Между Винсентом и Гогеном сразу завязалась дружба, и они обменялись подарками. Со стороны Ван Гога это были два варианта «Подсолнухов». Конечно же, потому что они понравились Гогену, который своими глазами мог наблюдать за необычайным взлетом творчества Винсента той осенью — это были автопортреты, портреты «Папаши Танги» и «Ла Сегатори», а также полотна, выполненные по типу японских гравюр на дереве. В насыщенности цветов, простом, но густом и тяжелом мазке, смелой композиции и звенящей чистоте письма уже угадывался великий Ван Гог. Все составляющие его необычной талантливой живописи были налицо. Из-за отсутствия переписки между ними мы не знаем, что думал по этому поводу Гоген, зато есть все основания полагать, что это знакомство изрядно повлияло на развитие его метода, который начал вырабатываться на Мартинике. Из письма Винсента к Тео известно, что той зимой он стал свидетелем профессиональных споров между Бернаром и Гогеном, из чего можно заключить, что последний быстро преодолел депрессию, заставлявшую уповать на то, что война решит его проблемы.
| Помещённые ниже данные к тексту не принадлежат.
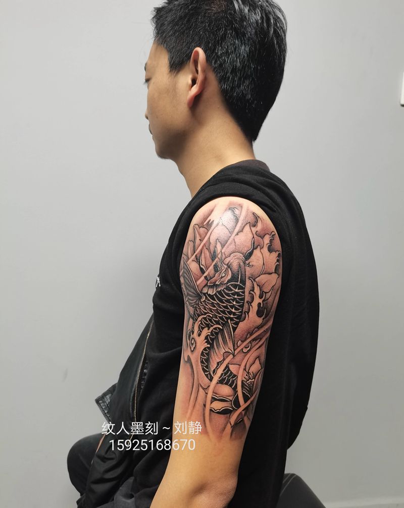 当前位置: 首页 >云南省昆明市纹身店-昆明 纹人墨刻刺青纹身图案>锦鲤纹身图片_手臂手部新传统黑灰锦鲤纹身图案
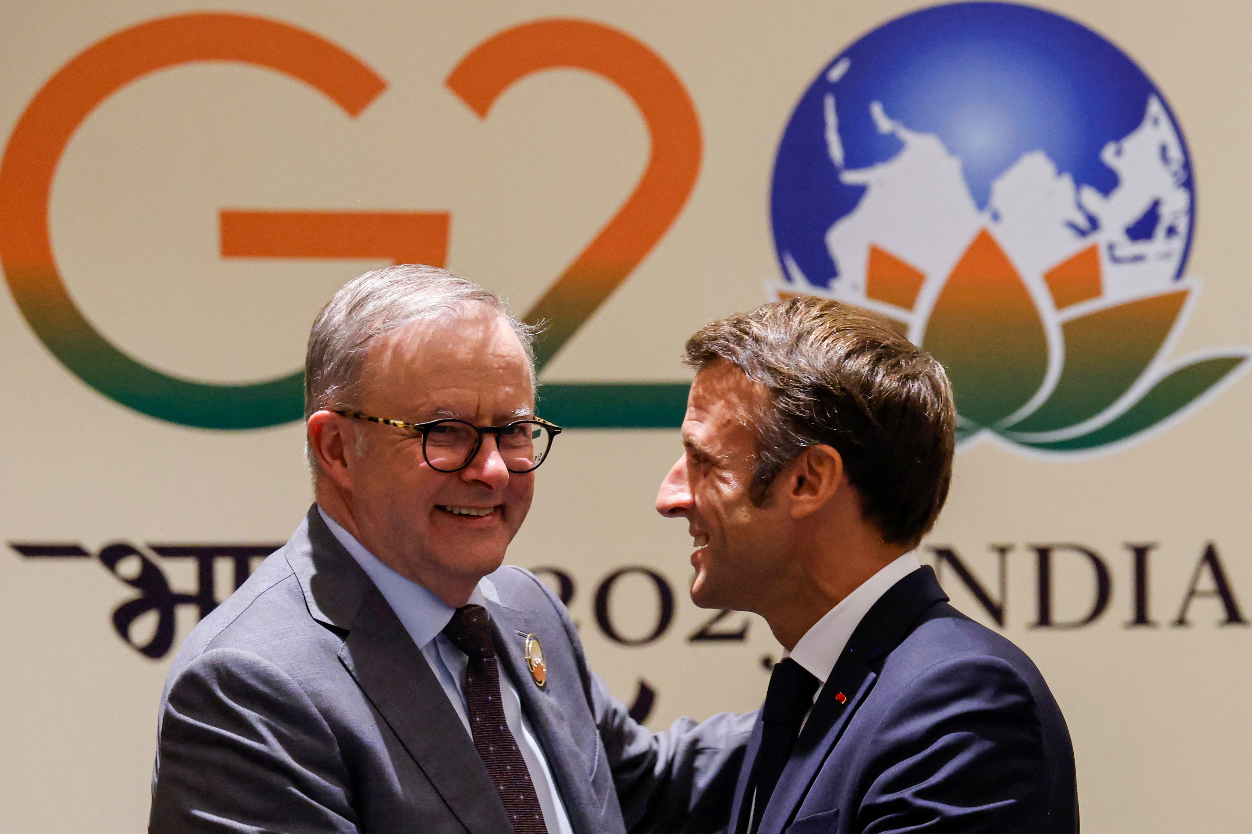 安东尼·阿尔巴尼斯与埃马纽埃尔·马克龙在9月9日新德里举行的G20领导人峰会期间合影。摄影师:LUDOVIC MARIN/Getty Images*早上好,我是马修。以下是您开始一天所需了解的内容。*今日必读:• G20自由贸易谈判• 澳元可能会上涨• 全黑选举范式
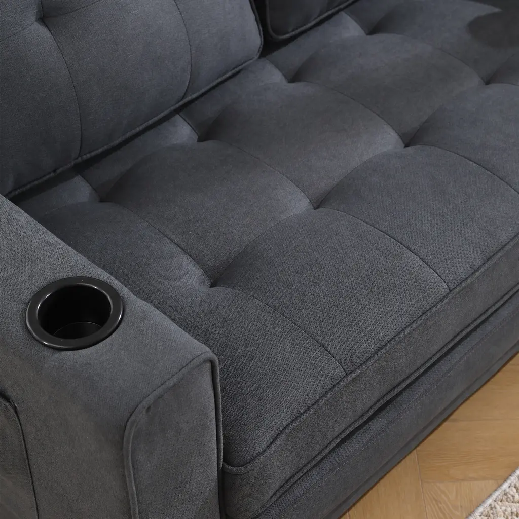 Versatile 3-In-1 Upholstered Futon Sofa Bed With Pull Out Sleeper And Multiple Functionalities - Grey-1
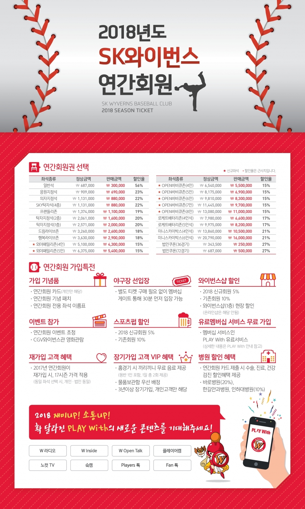 이밖에 2018시즌 모든 연간회원은 연간회원 카드, 구단 공식 애플리케이션인 'PLAY With' 유료멤버십 서비스 무료가입, 야구장 선입장, 와이번스샵 할인(18시즌 신규 5%, 재가입 고객 10%), 제휴 병원(한길안과병원 10%, 인하대병원 10%, 바로병원 20%) 수술∙진료∙건강검진 할인혜택, 시범경기 초청권 등이 제공된다.
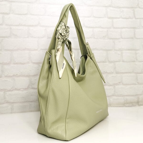 Резеда, шалче зелена гама с екрю, обков метален, сребрист.
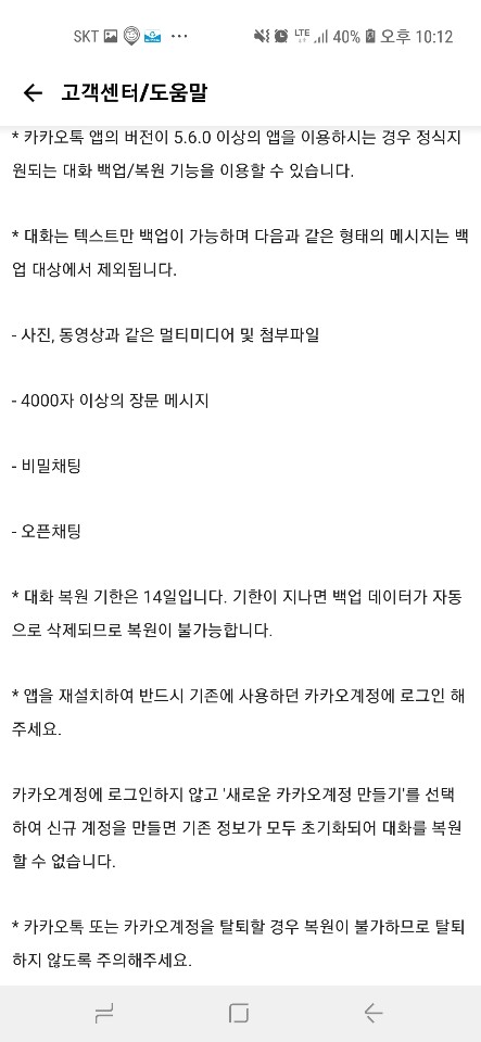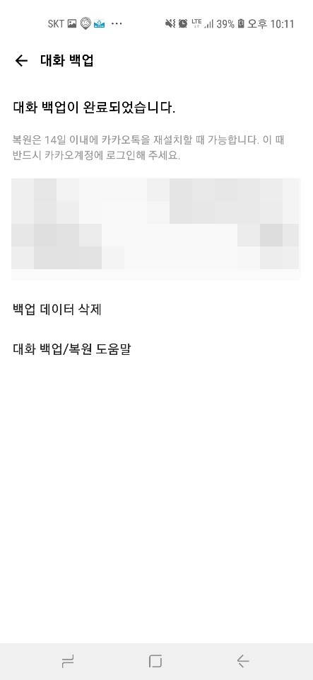 ■ 대화 복원기한인 14일을 넘을경우(백업 데이터 자동삭제)
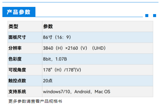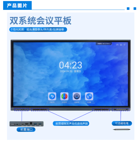 質(zhì)感全黑外觀、視覺零貼設(shè)計(jì)、高精度紅外觸控、前置多功能端口、定制揚(yáng)聲器方案、 三種系統(tǒng)方案可選,多樣化的產(chǎn)品硬件拓展(超高清攝像頭/數(shù)字麥/投屏器等)
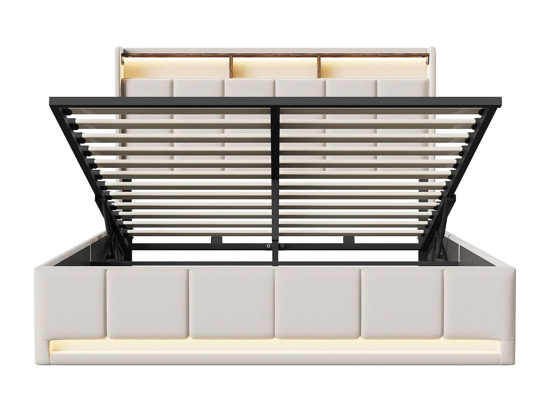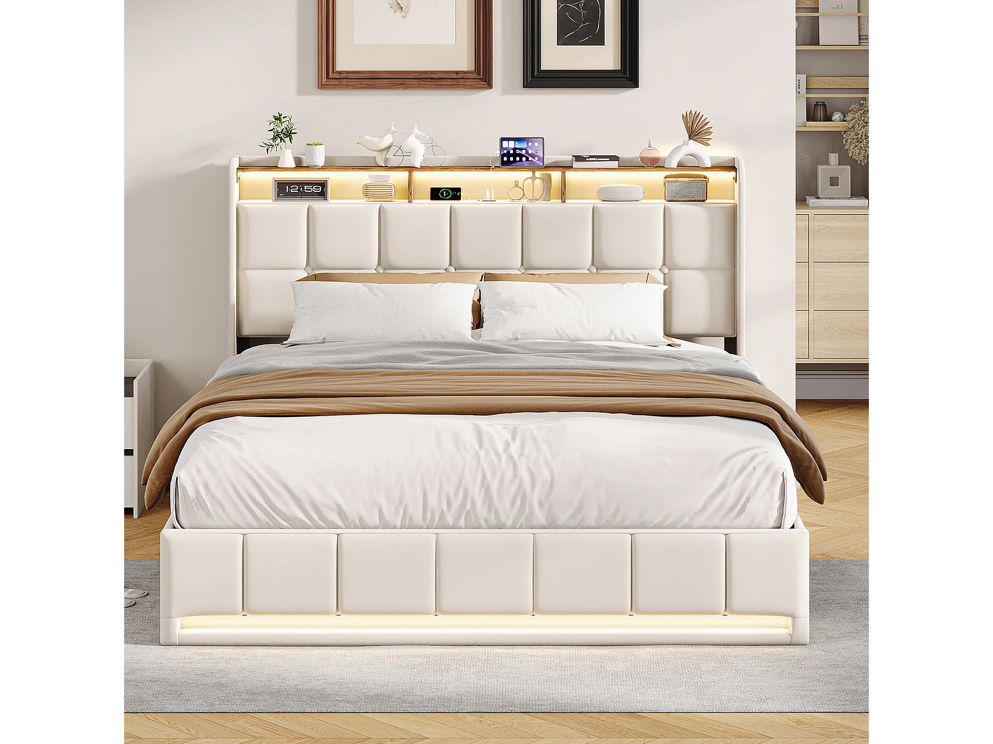 Cama con almacenamiento de 160x200cm con LED, puerto USB y puerto Tipo-C, estructura de cama con almacenamiento, lino, beige

Судя по многочисленным автопортретам и портрету, написанному с него Лотреком, можно сделать вывод, что Винсент в то время выглядел весьма внушительно, нисколько не исхудавшим и не изможденным. В начале своей художественной карьеры он исповедовал голландский реализм, позже попробовал себя в импрессионизме, пуантилизме, впитал их, переработал, и из всего этого возник его собственный метод, к которому он также пытался применить усвоенное из японских гравюр. В «Автопортрете», где он изображен у мольберта, Винсент использовал для лица все цвета спектра, причем краски наносились не «точечками», а в буквальном смысле «синтетически». Это позволило ему выразить свое душевное состояние, нервозность, приобретенную в Париже, впоследствии заставившую его отправиться к южному солнцу.
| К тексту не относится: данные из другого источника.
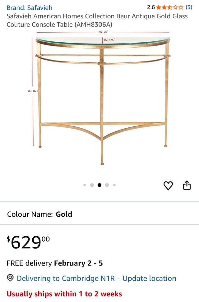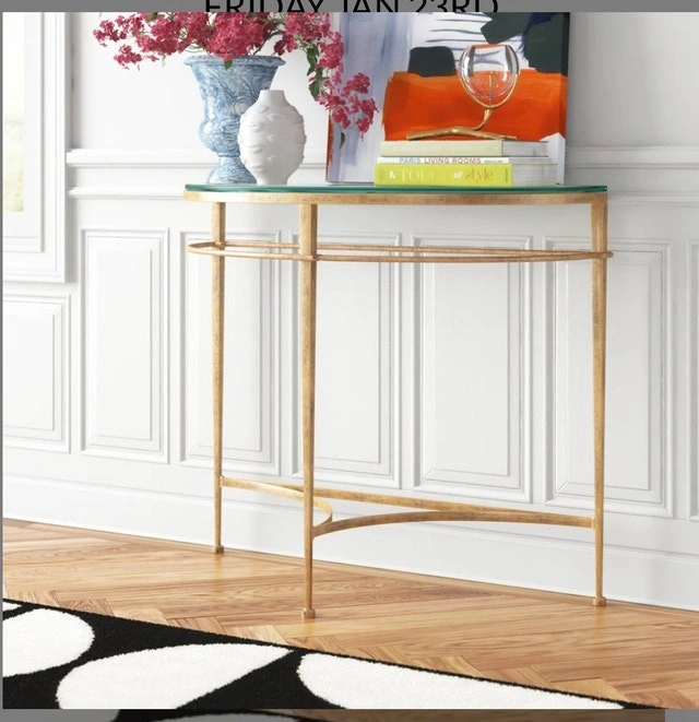 Enhance your living space with this new Safavieh American Homes Collection Baur Couture console table, featuring an antique gold finish and elegant glass top. Dimensions: 35.75" W x 15.375" D x 30.875" H. Never used and still in original packaging! Brand: Safavieh, Collection: American Homes Collection, Style: Couture, Finish: Antique Gold, Top Material: Glass. Let me know if you're interested!
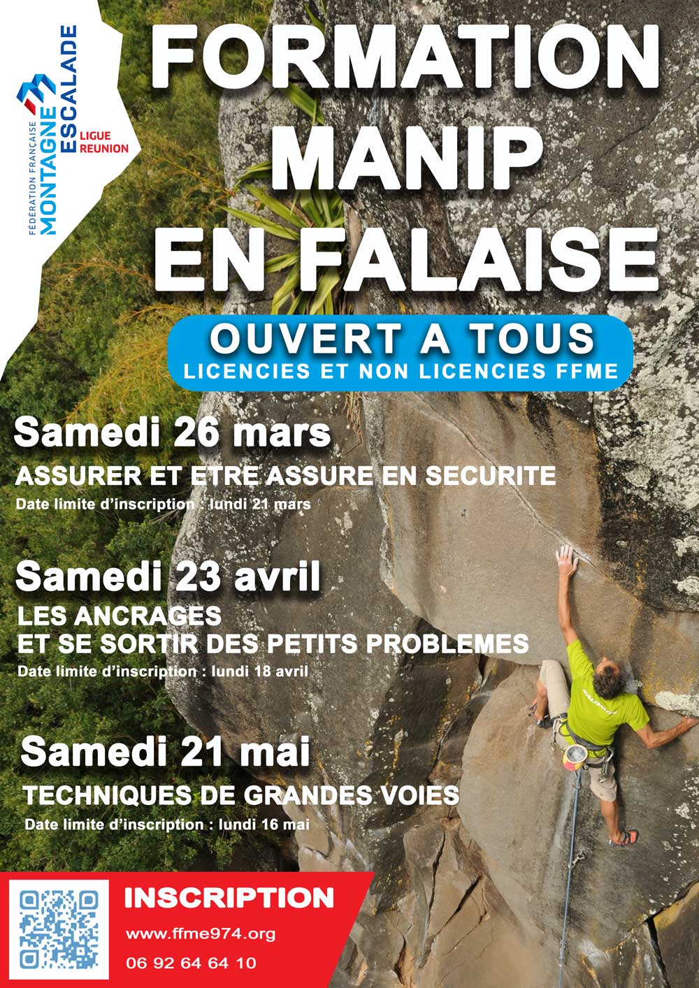 Afin d’optimiser la sécurité pour tous, la Ligue Réunion FFME propose aux licenciés et aux non licenciés FFME, 3 journées de formation aux techniques d’escalade en falaise.
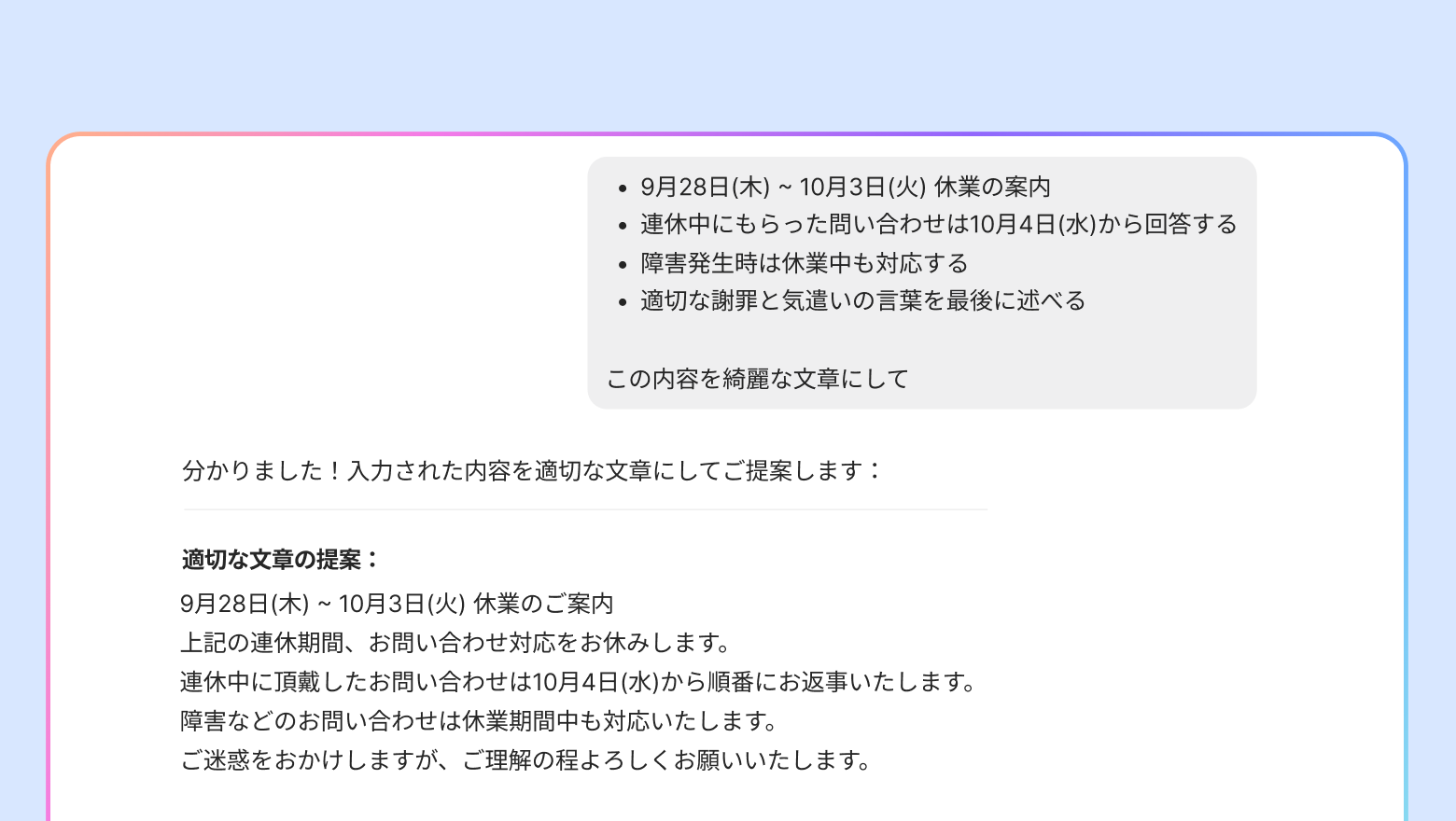 顧客への告知文、メールの本文作成など、自然な文章にしたいときに社内ALFに依頼してみましょう。メモ書きの内容を綺麗な文章にまとめてくれます。

Безусловно, Гогену требовалось что-то вроде инкубационного периода, чтобы привыкнуть к Винсенту, понять его манеру и своеобразие личности. Позже, уже после драматической развязки в их отношениях, Гоген будет вспоминать один морозный день на заснеженной улице Лепик: «Пешеходы шли гораздо быстрее, чем обычно, поскольку гулять не было ни малейшего желания. И среди них один выделялся своим нелепым нарядом. Совершенно замерзший, завернутый в козью шкуру, в меховой шапке, наверняка в кроличьей, с рыжей всклокоченной бородой. Но не проходите мимо, не рассмотрев прежде его красивые белые руки и светло-голубые, детские глаза. Это Винсент Ван Гог».
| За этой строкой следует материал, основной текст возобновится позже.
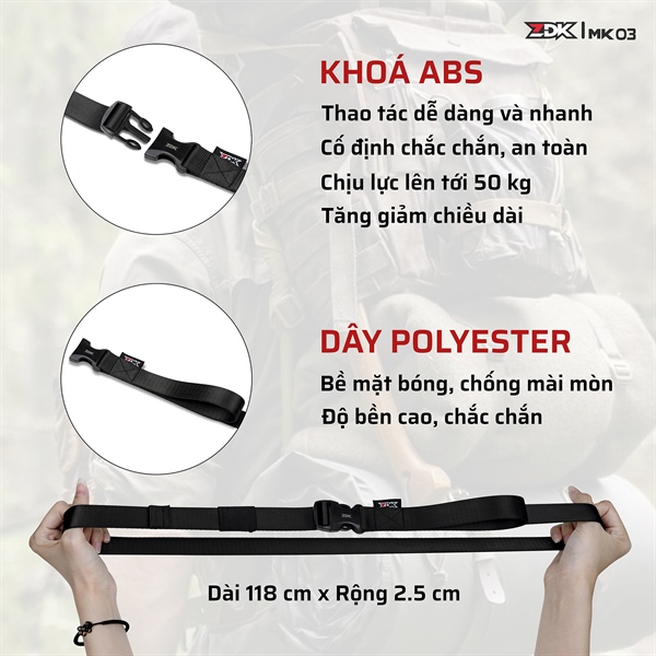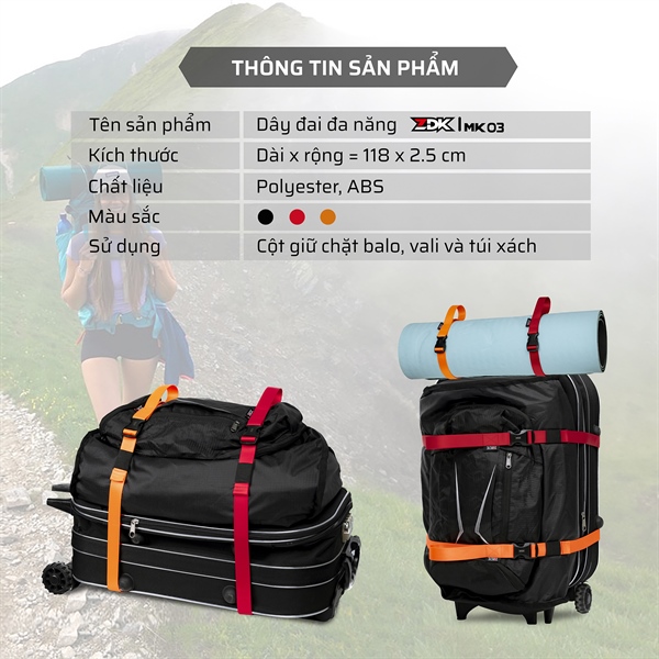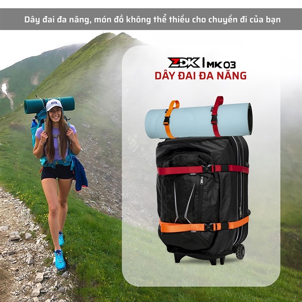 - Sử dụng dây đai đa năng MK03 giúp hành lý của bạn trở nên gọn gàng hơn khi di chuyển như leo núi, đi phượt hoặc những chuyến đi với nhiều đồ dùng cồng kềnh.
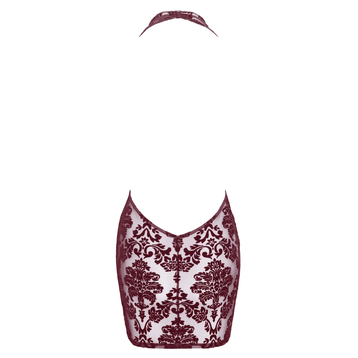 Mini-Kleid aus bordeauxfarbenem Flocktüll. Mit offenem Rücken und Wasserfallausschnitt. Material: 86% Polyester, 14% Elasthan

Нам мало известно о том, что делал Гоген зимой 1887/88 года, кроме того, что, невзирая на уход Шапле, он продолжал заниматься керамикой, проявляя в этом недюжинную изобретательность. В то время, вдохновленный перуанскими изделиями, он перешел на антропоморфические вазы. Та, которую на ретроспективной выставке 1906 года назвали «Маска с диадемой», наиболее показательна с точки зрения наконец достигнутого и настойчиво афишируемого им примитивизма. Фигура не надстроена над вазой, как год назад, а вместе с украшениями органично вливается в ее структуру. Все лицо женщины закрыто маской, что создает атмосферу тайны. Другая ваза представляет собой бюст Жанны, дочери Шуффенекера. Виртуозно выполнена и «Ваза для фруктов с купальщицей» — в своем роде шедевр декоративного искусства. Это был настоящий расцвет скульптора-керамиста, в подобной области Гогена можно сравнить только с Пикассо.